__Exercise__
When you reach the line containing "十(10画)亀(16画) 洋(10画)輔(14画)" in the records below, start copying exactly, and stop once you have copied the line containing "Основа журнального столика".

** Opening Dataset records block **

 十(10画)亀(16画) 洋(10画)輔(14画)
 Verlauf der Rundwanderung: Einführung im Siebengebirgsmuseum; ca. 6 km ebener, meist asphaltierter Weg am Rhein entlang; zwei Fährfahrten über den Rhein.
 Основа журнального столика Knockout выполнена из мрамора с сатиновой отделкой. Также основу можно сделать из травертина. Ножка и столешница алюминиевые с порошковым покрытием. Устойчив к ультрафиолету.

** Closing Dataset records block **
** Opening Dataset records block **

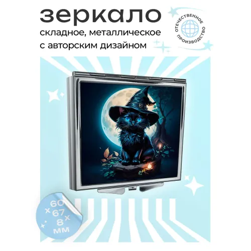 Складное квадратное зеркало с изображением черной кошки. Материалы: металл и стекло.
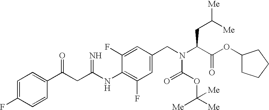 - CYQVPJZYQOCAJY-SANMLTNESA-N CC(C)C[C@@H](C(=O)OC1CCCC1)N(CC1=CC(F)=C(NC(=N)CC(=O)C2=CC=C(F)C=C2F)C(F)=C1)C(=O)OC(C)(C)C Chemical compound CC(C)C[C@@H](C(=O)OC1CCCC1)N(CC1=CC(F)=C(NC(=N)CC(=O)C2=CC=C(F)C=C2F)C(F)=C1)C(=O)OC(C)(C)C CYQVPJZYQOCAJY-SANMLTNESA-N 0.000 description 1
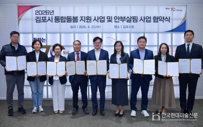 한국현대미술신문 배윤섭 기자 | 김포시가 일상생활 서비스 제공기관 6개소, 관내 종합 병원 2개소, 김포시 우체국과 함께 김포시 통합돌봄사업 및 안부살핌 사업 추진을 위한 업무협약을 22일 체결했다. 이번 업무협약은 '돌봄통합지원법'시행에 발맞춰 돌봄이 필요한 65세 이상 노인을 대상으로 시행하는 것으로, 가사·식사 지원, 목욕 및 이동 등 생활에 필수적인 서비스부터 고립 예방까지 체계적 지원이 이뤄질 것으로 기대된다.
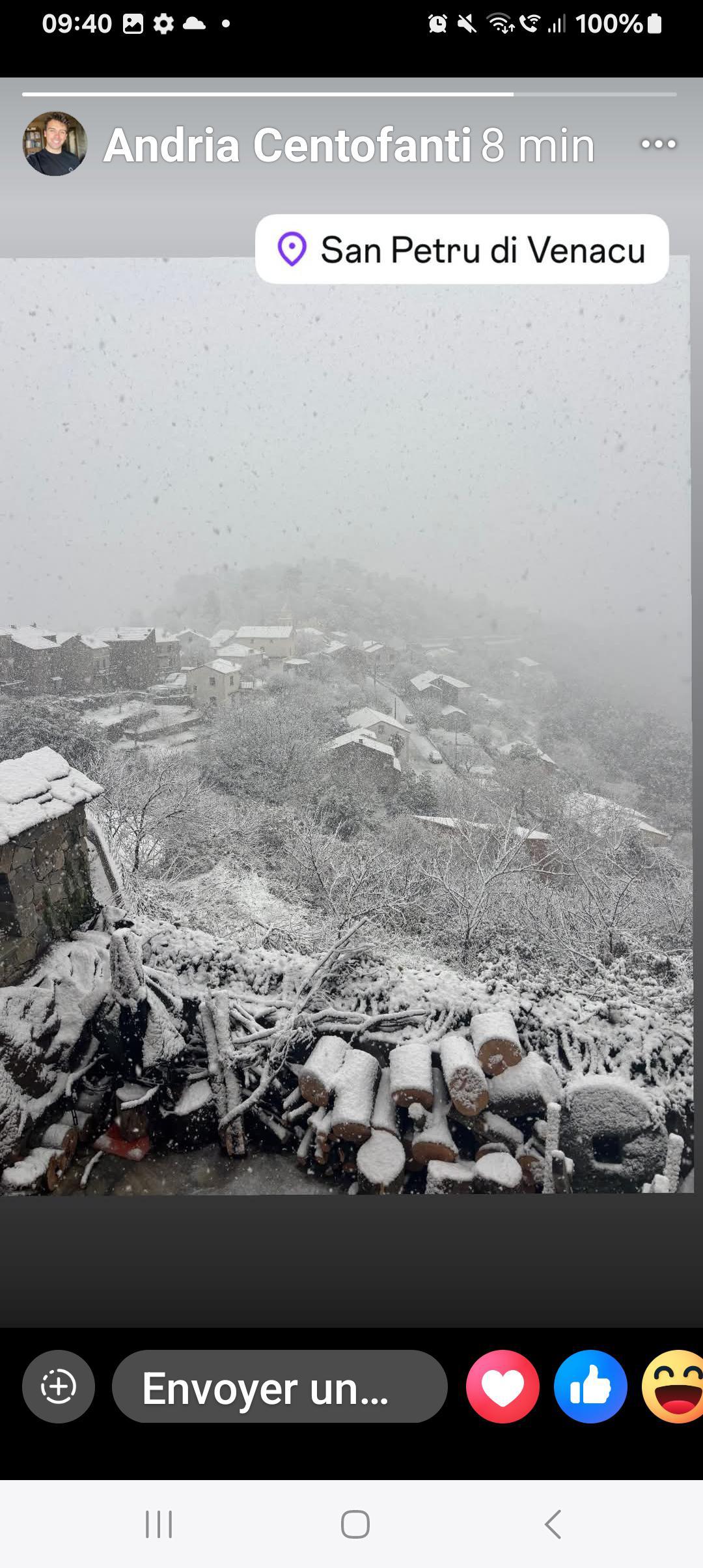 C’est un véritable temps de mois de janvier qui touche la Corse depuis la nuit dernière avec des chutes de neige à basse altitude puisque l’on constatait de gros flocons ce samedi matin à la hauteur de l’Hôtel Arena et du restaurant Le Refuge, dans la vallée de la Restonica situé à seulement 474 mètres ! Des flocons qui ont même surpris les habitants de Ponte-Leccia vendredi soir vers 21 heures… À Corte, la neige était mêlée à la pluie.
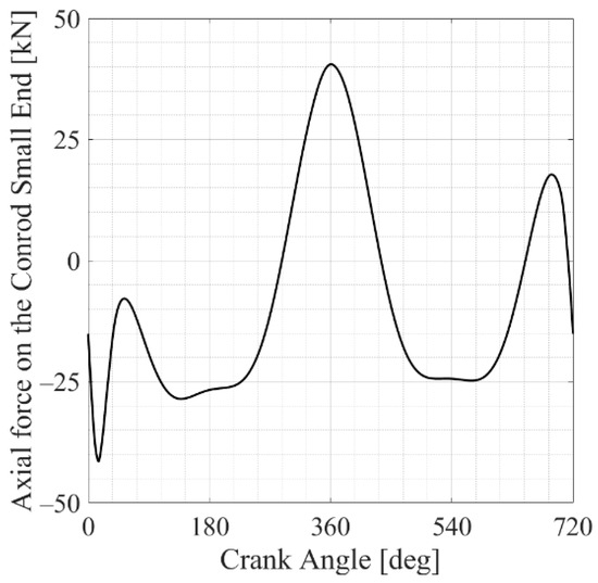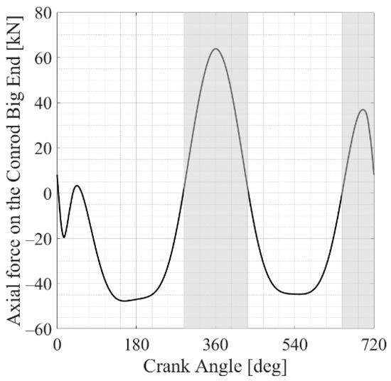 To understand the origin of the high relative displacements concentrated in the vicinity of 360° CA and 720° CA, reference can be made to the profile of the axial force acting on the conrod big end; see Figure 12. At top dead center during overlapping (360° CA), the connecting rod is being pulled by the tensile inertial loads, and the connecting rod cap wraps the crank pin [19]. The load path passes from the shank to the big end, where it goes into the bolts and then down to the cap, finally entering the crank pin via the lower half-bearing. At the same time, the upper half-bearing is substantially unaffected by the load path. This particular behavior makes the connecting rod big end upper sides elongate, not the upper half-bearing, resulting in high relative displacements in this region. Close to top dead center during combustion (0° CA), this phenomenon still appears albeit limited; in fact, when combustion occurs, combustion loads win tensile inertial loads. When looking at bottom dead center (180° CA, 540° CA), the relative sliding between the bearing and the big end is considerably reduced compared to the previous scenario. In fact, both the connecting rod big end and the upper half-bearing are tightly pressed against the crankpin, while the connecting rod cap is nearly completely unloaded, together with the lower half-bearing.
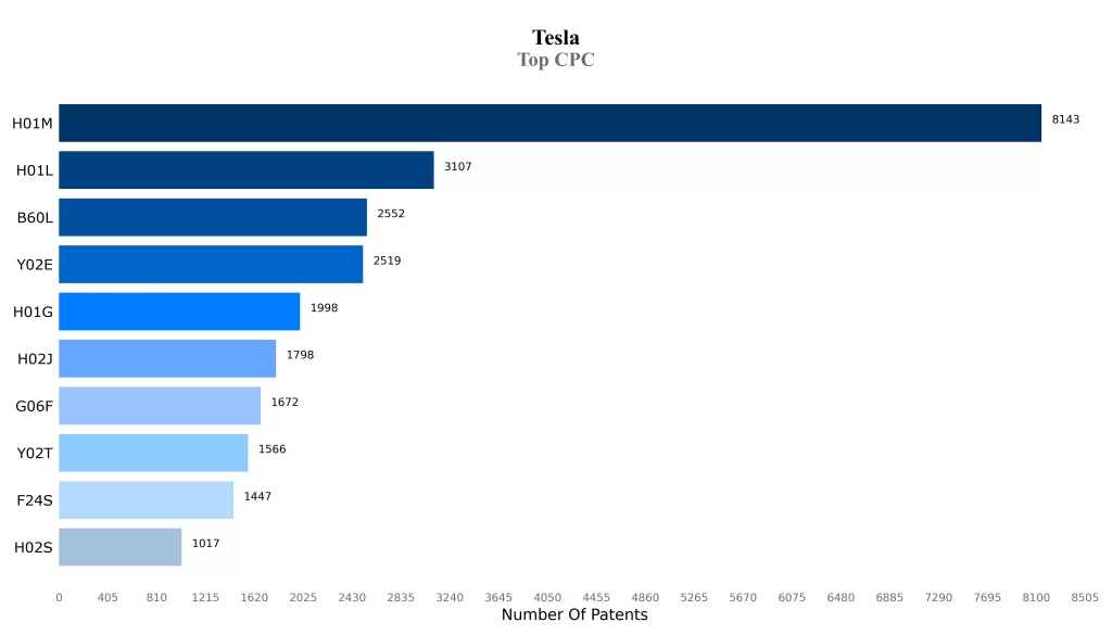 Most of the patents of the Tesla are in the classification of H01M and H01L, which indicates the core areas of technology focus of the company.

** Closing Dataset records block **

__Answer section__
 十(10画)亀(16画) 洋(10画)輔(14画)
 Verlauf der Rundwanderung: Einführung im Siebengebirgsmuseum; ca. 6 km ebener, meist asphaltierter Weg am Rhein entlang; zwei Fährfahrten über den Rhein.
 Основа журнального столика Knockout выполнена из мрамора с сатиновой отделкой. Также основу можно сделать из травертина. Ножка и столешница алюминиевые с порошковым покрытием. Устойчив к ультрафиолету.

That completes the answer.